▶ **Provided material**
BEGIN

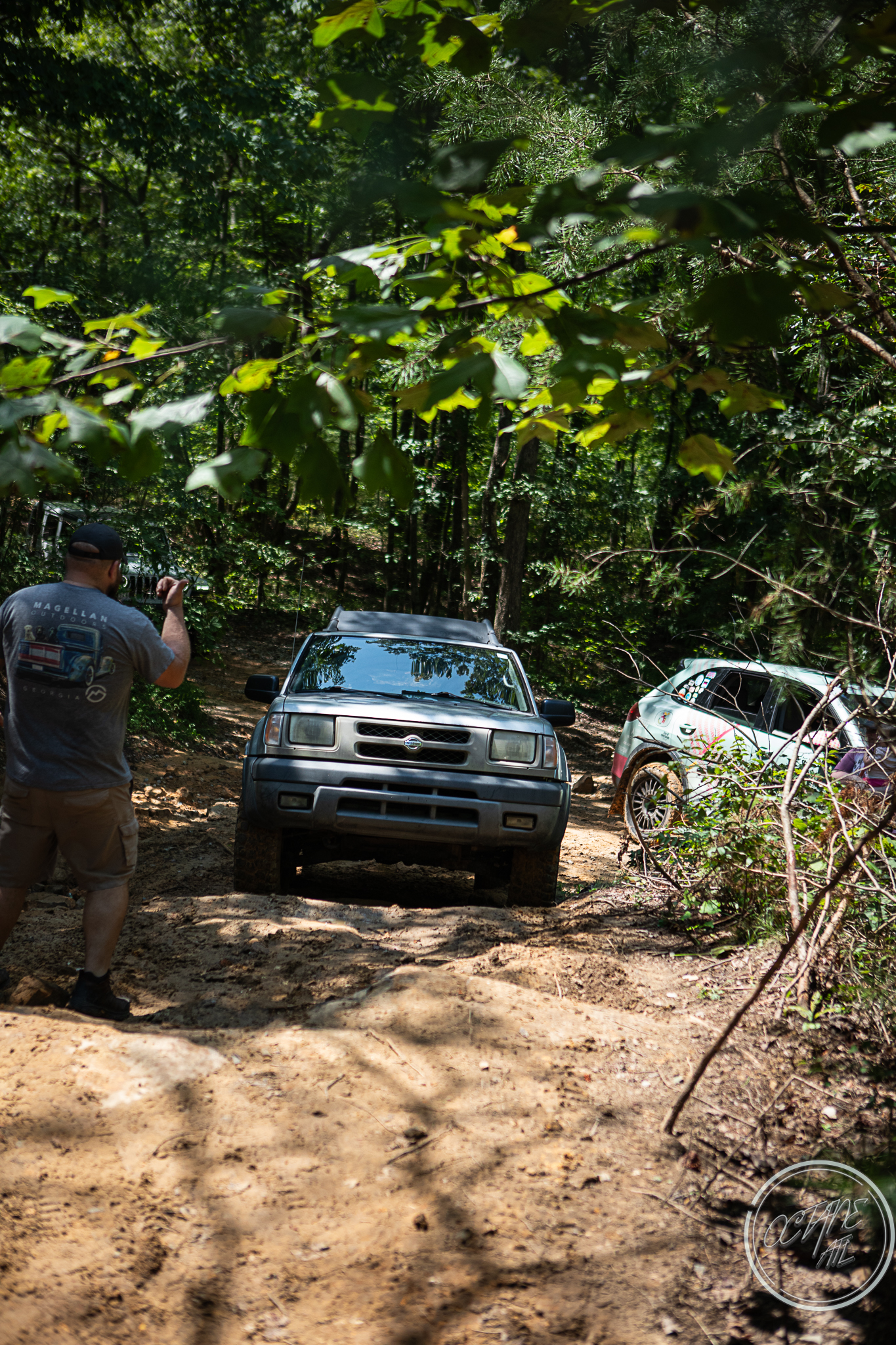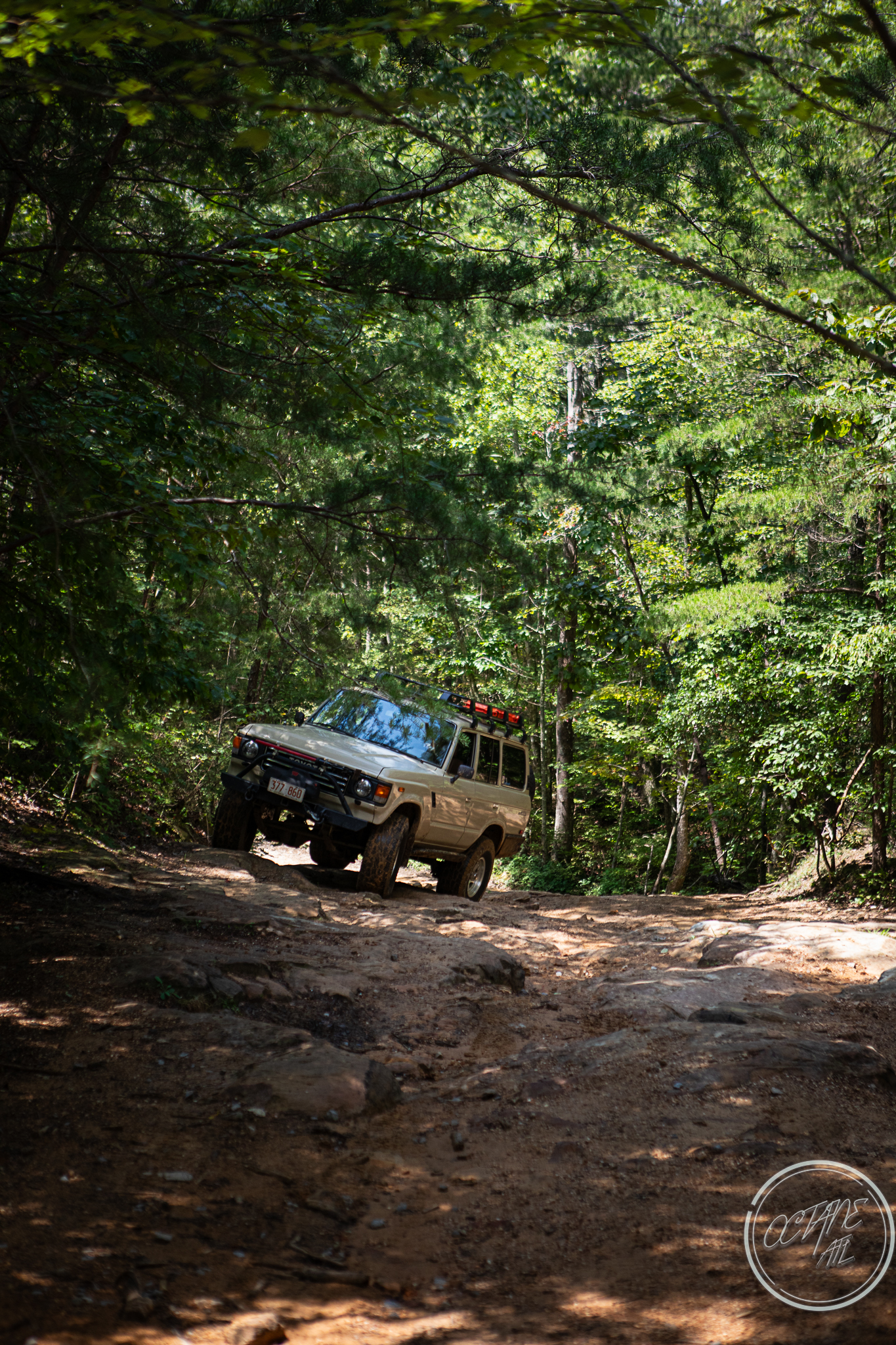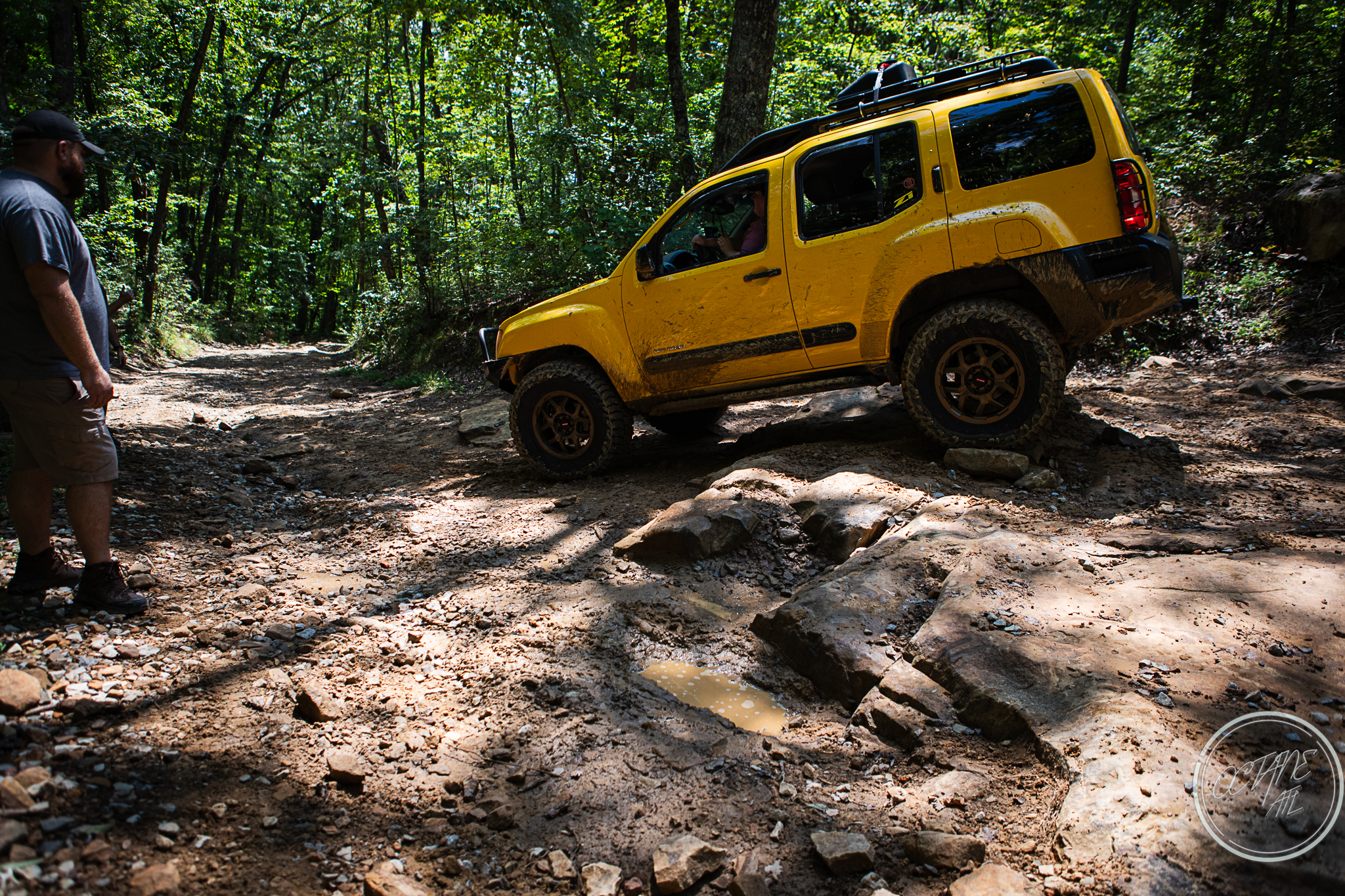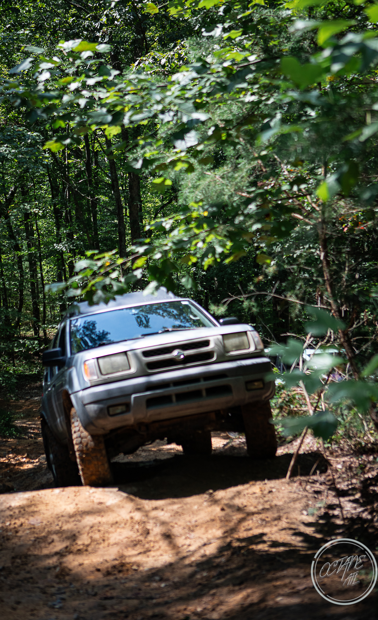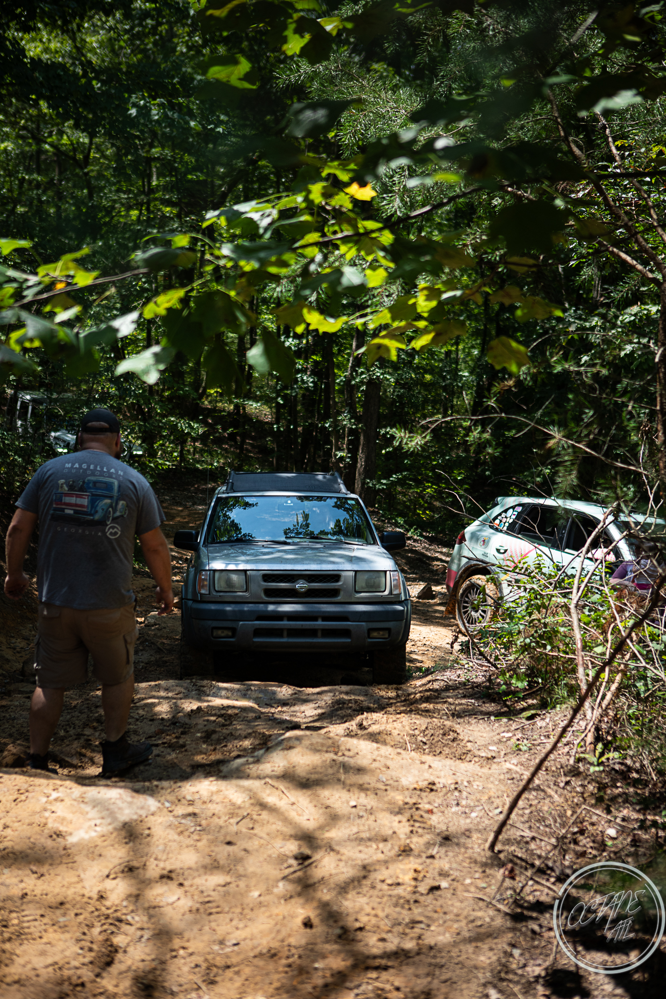 From there we headed north crossing the state line and heading just outside of Chattanooga. We started off heading to a road that, at the entrance, looks like a residential road that would be pretty simple, but the friends who had done the trail quickly reminded us they recommended airing down, which we all did and were almost immediately grateful for. The road leads in with some simple dips and small rocks to journey over but soon leads to some more technical paths. There are options to bypass the harder spaces, and a few of our group opted to bypass the more rocky, challenging spot at the beginning of the road while others gave it their best shot, navigating large climbs and drops, especially for my nearly-stock first gen Xterra.
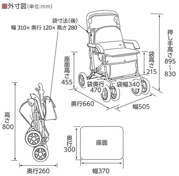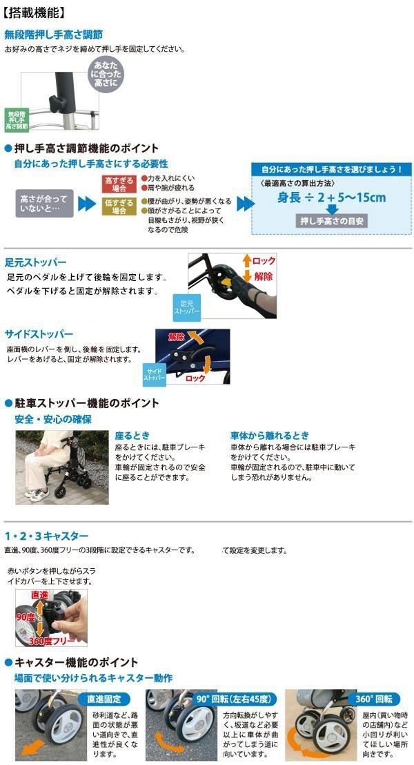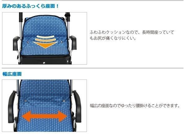 座面下の大容量収納、大きな前輪と幅広の後輪による安定性、長時間座っていても疲れにくい広々座面が特徴のスタンダードタイプのシルバーカーです。毎日のお買い物や、お出かけの時に最適です。 |
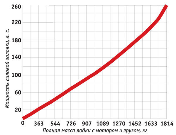 Для определения необходимой мощности или же возможной загрузки лодки можно воспользоваться графиком (рис. 11), который рекомендуют производители насадок.
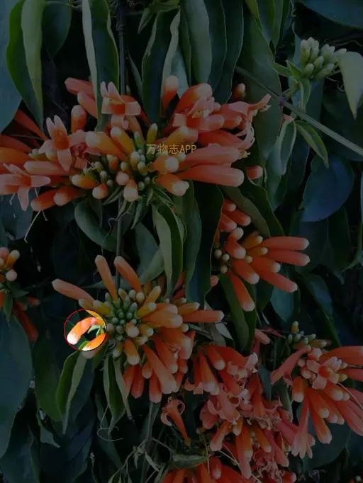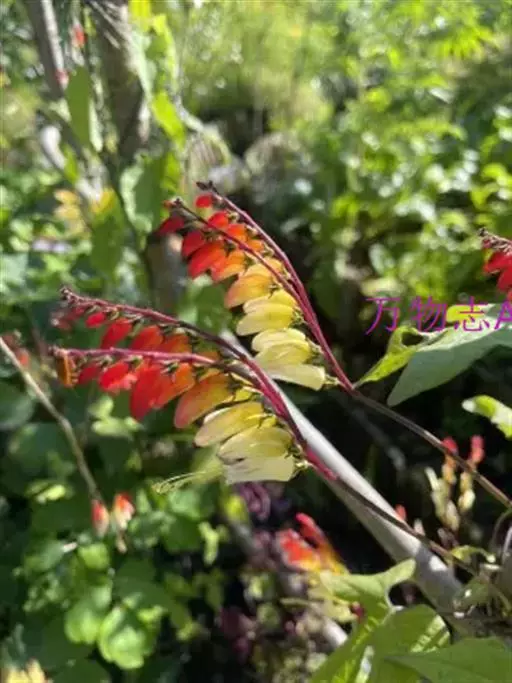 金鱼花(学名:Mina lobata Cerv.)是旋花科,金鱼花属多年生向左旋缠绕草本植物,茎无毛,叶片3裂或全缘。聚伞花序,长达35cm,花偏向一侧;花冠管状,具棱略弯,口部呈坛状,初红色,渐转为淡黄色至白色;叶面浓绿色,多于春季开花,花期20余天。

END

Leave out the pictures and print every line of the data exactly.

 From there we headed north crossing the state line and heading just outside of Chattanooga. We started off heading to a road that, at the entrance, looks like a residential road that would be pretty simple, but the friends who had done the trail quickly reminded us they recommended airing down, which we all did and were almost immediately grateful for. The road leads in with some simple dips and small rocks to journey over but soon leads to some more technical paths. There are options to bypass the harder spaces, and a few of our group opted to bypass the more rocky, challenging spot at the beginning of the road while others gave it their best shot, navigating large climbs and drops, especially for my nearly-stock first gen Xterra.
 座面下の大容量収納、大きな前輪と幅広の後輪による安定性、長時間座っていても疲れにくい広々座面が特徴のスタンダードタイプのシルバーカーです。毎日のお買い物や、お出かけの時に最適です。 |
 Для определения необходимой мощности или же возможной загрузки лодки можно воспользоваться графиком (рис. 11), который рекомендуют производители насадок.
 金鱼花(学名:Mina lobata Cerv.)是旋花科,金鱼花属多年生向左旋缠绕草本植物,茎无毛,叶片3裂或全缘。聚伞花序,长达35cm,花偏向一侧;花冠管状,具棱略弯,口部呈坛状,初红色,渐转为淡黄色至白色;叶面浓绿色,多于春季开花,花期20余天。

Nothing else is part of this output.